Destroyed Hospitals, Disrupted Supplies, Unpaid Salaries – the New Norm in russia’s Provinces
10/13/2025

Social infrastructure in rural russia has collapsed – medicine shortages, unpaid salaries, and disruptions in the supply of essential goods have resulted from the systemic redistribution of resources in favor of the war against Ukraine.
Cancer patients in the Khabarovsk and Primorsky Territories have been left without access to PET and CT scans – key methods for diagnosing tumors and metastases. Due to a lack of medicines and broken radiation therapy equipment, patients are being sent to Novosibirsk or moscow, but even in their own regions, patients have to wait up to two months for an appointment. There is no money for repairs or new equipment.

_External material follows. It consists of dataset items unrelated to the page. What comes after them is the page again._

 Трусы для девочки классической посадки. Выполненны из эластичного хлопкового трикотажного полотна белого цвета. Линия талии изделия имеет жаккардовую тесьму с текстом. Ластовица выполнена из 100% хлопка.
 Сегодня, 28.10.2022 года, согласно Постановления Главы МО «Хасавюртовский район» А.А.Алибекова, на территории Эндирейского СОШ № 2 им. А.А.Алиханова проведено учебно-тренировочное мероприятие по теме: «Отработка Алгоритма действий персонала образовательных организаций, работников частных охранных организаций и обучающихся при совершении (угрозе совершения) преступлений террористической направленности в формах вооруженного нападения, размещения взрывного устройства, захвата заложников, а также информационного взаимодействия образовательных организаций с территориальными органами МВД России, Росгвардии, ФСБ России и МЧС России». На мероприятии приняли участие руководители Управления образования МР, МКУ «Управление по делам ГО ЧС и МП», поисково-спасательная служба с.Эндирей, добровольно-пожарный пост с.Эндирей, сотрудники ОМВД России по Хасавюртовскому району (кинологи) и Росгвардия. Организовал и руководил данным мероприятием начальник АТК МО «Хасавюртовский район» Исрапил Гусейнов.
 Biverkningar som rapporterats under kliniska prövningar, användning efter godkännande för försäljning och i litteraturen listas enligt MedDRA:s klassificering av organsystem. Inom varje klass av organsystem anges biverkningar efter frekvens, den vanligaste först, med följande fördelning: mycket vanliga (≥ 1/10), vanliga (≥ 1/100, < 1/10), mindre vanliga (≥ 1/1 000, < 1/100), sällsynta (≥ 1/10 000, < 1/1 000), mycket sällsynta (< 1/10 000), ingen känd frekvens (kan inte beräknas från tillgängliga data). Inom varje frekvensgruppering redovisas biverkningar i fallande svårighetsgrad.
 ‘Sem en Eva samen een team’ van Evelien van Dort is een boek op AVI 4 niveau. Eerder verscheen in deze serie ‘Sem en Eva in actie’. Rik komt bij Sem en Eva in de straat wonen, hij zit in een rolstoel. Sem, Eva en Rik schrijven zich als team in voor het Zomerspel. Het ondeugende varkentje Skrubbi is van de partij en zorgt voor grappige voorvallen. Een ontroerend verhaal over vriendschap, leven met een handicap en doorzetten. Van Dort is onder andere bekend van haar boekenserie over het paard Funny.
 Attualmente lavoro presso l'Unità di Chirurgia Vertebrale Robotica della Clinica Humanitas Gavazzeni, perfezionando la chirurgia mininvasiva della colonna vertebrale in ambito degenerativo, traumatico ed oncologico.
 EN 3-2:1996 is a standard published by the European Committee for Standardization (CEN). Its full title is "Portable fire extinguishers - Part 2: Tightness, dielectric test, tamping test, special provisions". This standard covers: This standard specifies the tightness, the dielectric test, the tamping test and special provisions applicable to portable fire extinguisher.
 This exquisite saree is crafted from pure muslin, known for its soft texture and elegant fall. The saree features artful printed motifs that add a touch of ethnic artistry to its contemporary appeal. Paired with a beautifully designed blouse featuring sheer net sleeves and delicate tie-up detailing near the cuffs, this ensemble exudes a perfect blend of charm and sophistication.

The situation is similar at industrial enterprises. In Primorye, workers at the GRES (State District Power Plant – Transl.) are staying overnight at the plant and threatening to commit suicide over unpaid wages. In Irkutsk region, teachers have not received incentive payments for a year, and their December salaries are at risk. In Yakutia, payments to firefighters and rescuers are being delayed, and they are being advised to take unpaid leave to save money. In Kemerovo region, mines are idle due to lack of funding.
Problems with food and medicine supplies have spread across the north of the country. The state-owned “Arctic Trade and Logistics Company” could not deliver food to remote areas of Yakutia due to a lack of funds. In Kamchatka and Chukotka, interruptions in medication supply last for months. In the village of Ust-Belaya in Chukotka, children in the boarding school have been infected with pediculosis, but there are no medicines available – they are being advised to use “folk remedies” to treat it. In the village of Snezhnoye, where children are supposed to attend school, there is no school, and a paramedic visits only once in a few months.
Despite this, the authorities regularly report on “aid” to the temporarily occupied territories of Ukraine: the Far East regions report on having restored more than 1,000 social facilities in the so-called “dpr”. In russia itself, the social system is deteriorating, while resources are being directed toward maintaining the war, leaving citizens without elementary means of life.